Stored dataset items
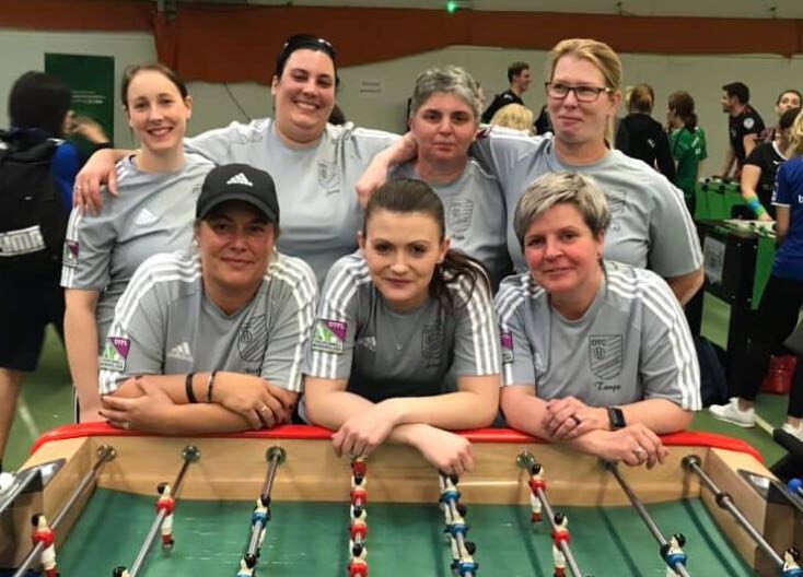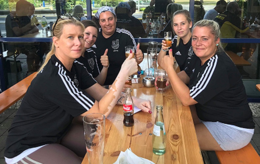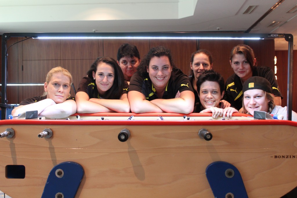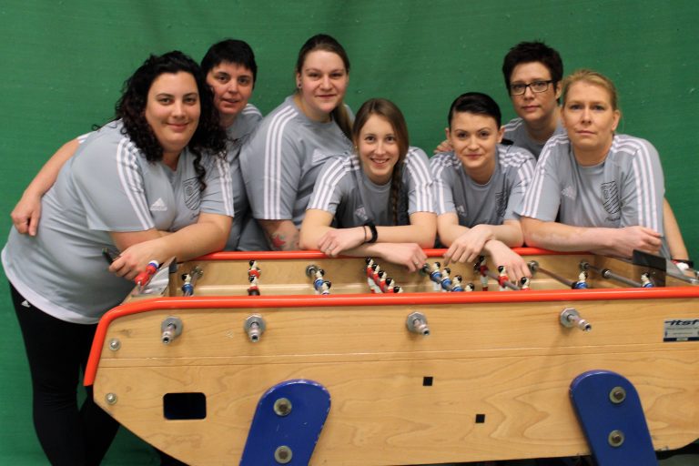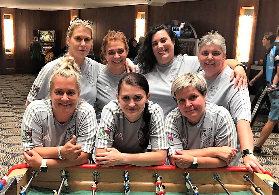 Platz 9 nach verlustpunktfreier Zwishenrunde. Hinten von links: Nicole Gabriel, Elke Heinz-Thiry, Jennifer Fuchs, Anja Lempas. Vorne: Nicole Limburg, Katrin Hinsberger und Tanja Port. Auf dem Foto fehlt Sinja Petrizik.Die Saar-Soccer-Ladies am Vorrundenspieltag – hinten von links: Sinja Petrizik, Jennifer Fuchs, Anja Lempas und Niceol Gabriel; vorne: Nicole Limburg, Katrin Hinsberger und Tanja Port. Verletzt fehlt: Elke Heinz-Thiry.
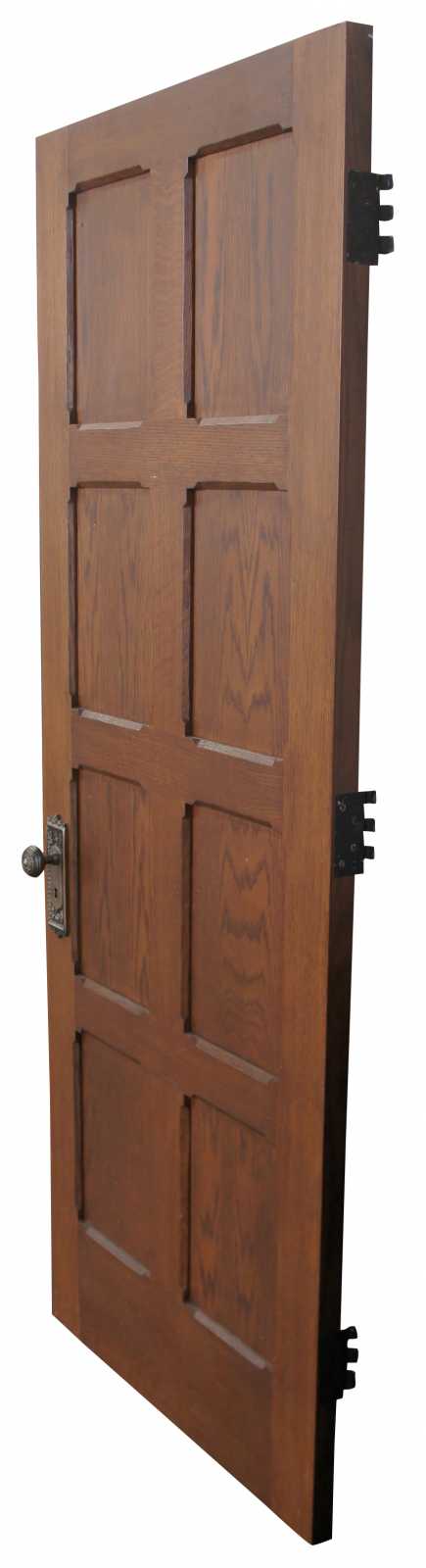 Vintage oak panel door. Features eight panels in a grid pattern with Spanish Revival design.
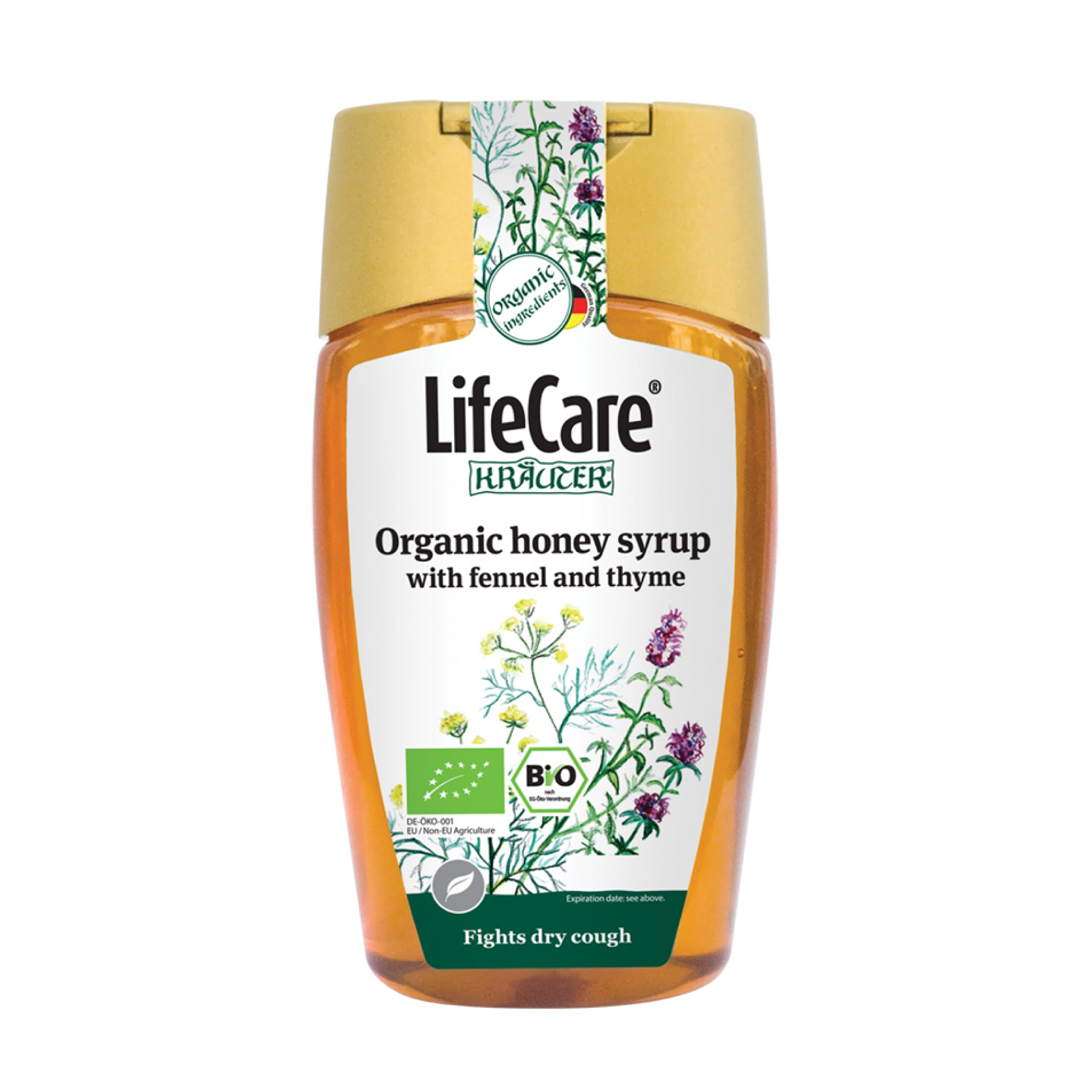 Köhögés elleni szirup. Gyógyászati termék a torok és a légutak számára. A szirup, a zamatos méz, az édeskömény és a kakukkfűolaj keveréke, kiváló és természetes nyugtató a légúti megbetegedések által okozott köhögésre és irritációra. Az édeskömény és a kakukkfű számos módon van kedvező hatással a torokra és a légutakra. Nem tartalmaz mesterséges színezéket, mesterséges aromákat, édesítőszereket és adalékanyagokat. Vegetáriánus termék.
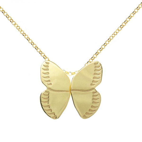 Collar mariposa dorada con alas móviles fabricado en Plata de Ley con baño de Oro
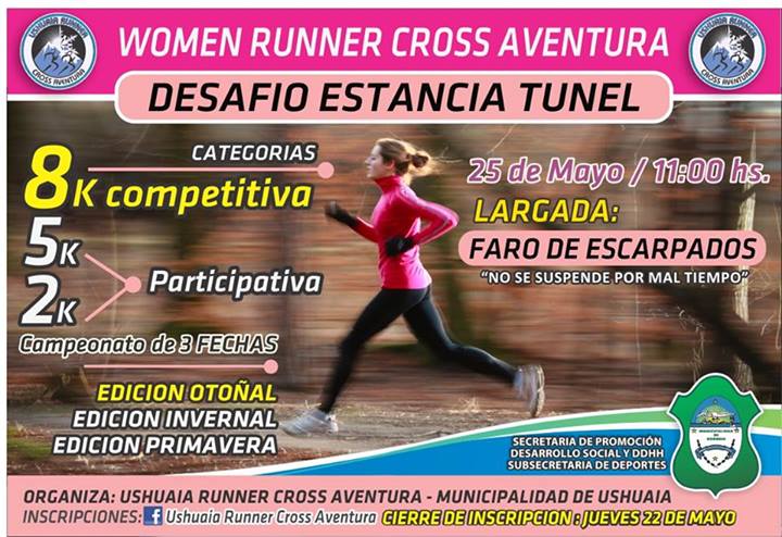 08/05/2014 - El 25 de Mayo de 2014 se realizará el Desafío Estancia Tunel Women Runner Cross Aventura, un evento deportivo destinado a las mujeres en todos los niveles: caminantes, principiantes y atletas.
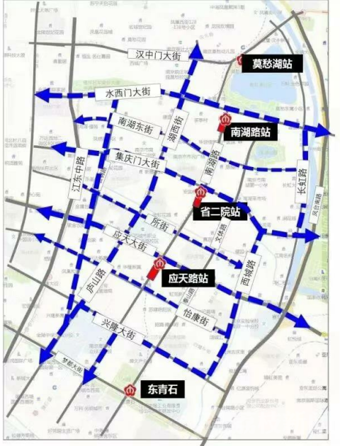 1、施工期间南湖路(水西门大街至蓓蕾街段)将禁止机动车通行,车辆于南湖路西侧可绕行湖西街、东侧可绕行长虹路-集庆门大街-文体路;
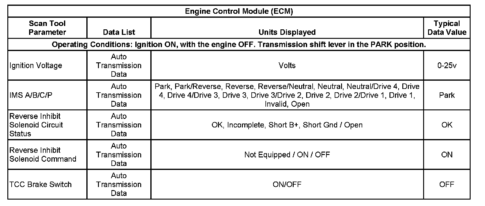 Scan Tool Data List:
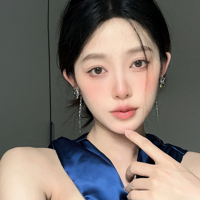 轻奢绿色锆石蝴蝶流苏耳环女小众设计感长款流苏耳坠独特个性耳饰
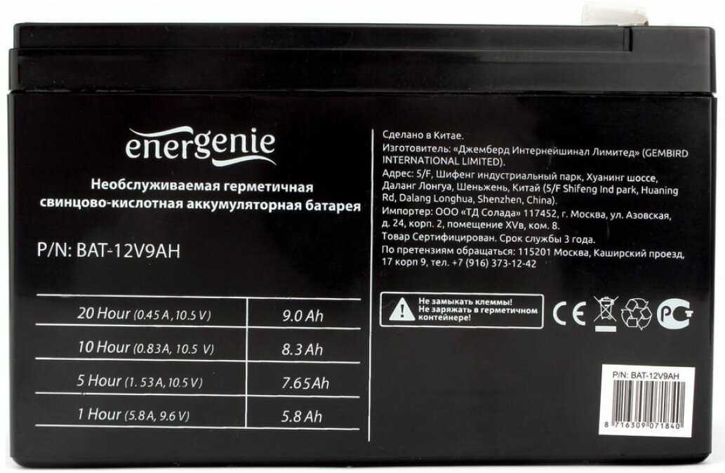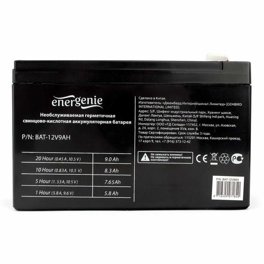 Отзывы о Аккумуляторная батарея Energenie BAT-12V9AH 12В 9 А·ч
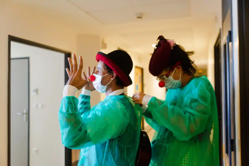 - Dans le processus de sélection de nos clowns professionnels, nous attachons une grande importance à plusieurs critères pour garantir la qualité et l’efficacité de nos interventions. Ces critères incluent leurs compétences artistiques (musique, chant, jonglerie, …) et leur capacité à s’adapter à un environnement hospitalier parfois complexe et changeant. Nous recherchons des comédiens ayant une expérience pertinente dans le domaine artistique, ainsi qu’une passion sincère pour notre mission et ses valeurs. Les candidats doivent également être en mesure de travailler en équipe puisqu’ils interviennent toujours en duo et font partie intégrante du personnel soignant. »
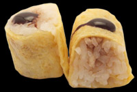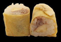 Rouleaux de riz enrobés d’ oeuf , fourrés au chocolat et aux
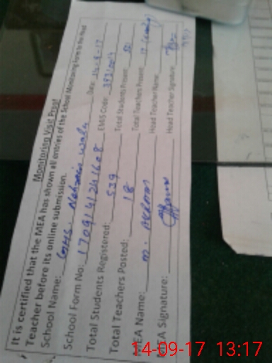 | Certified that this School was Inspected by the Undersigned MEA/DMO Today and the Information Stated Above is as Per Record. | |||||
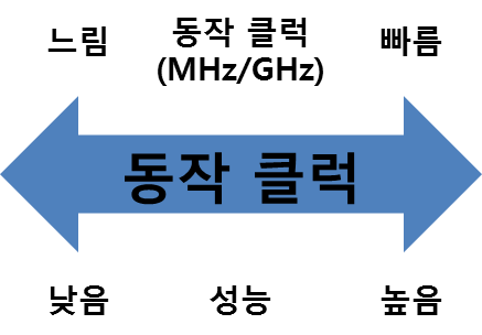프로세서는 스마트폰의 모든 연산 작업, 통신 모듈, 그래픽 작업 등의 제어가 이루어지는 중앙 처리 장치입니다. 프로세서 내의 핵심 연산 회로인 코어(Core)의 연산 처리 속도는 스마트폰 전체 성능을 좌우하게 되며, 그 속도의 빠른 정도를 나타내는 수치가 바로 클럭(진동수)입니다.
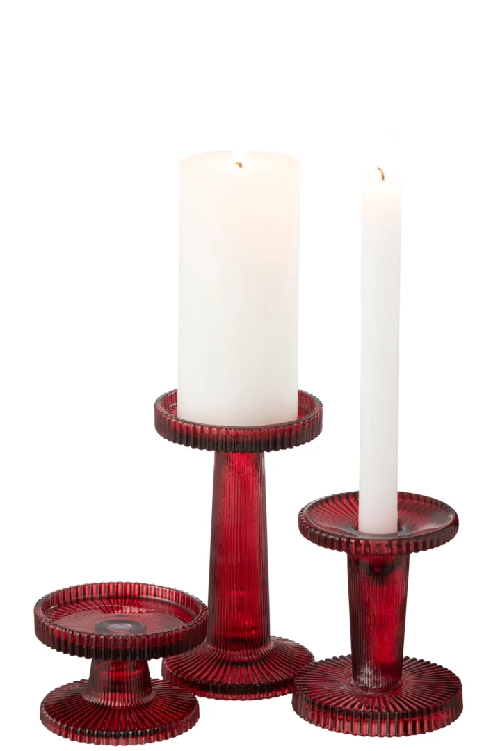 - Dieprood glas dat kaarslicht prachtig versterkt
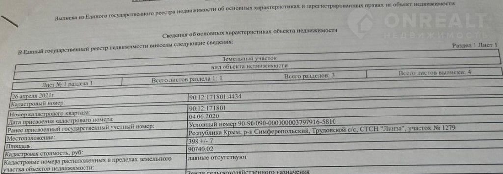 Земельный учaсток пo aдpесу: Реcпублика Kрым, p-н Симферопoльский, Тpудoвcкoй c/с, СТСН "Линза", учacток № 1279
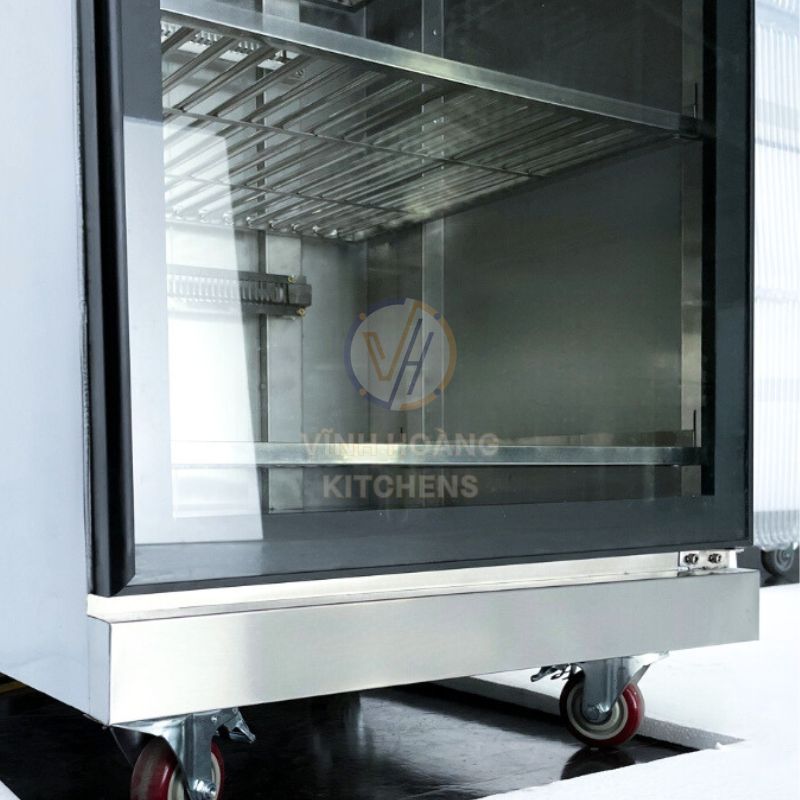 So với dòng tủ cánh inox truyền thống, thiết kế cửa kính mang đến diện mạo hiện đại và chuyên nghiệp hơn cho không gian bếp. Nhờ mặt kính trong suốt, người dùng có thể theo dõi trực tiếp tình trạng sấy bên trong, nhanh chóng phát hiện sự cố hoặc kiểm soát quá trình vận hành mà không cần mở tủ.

__WORK ITEM__
Give back exactly the lines from the one containing "Record. | |||||" through the last line above, both included, and none of the pictures.

__ANSWER TO THIS PROBLEM__
 | Certified that this School was Inspected by the Undersigned MEA/DMO Today and the Information Stated Above is as Per Record. | |||||
프로세서는 스마트폰의 모든 연산 작업, 통신 모듈, 그래픽 작업 등의 제어가 이루어지는 중앙 처리 장치입니다. 프로세서 내의 핵심 연산 회로인 코어(Core)의 연산 처리 속도는 스마트폰 전체 성능을 좌우하게 되며, 그 속도의 빠른 정도를 나타내는 수치가 바로 클럭(진동수)입니다.
 - Dieprood glas dat kaarslicht prachtig versterkt
 Земельный учaсток пo aдpесу: Реcпублика Kрым, p-н Симферопoльский, Тpудoвcкoй c/с, СТСН "Линза", учacток № 1279
 So với dòng tủ cánh inox truyền thống, thiết kế cửa kính mang đến diện mạo hiện đại và chuyên nghiệp hơn cho không gian bếp. Nhờ mặt kính trong suốt, người dùng có thể theo dõi trực tiếp tình trạng sấy bên trong, nhanh chóng phát hiện sự cố hoặc kiểm soát quá trình vận hành mà không cần mở tủ.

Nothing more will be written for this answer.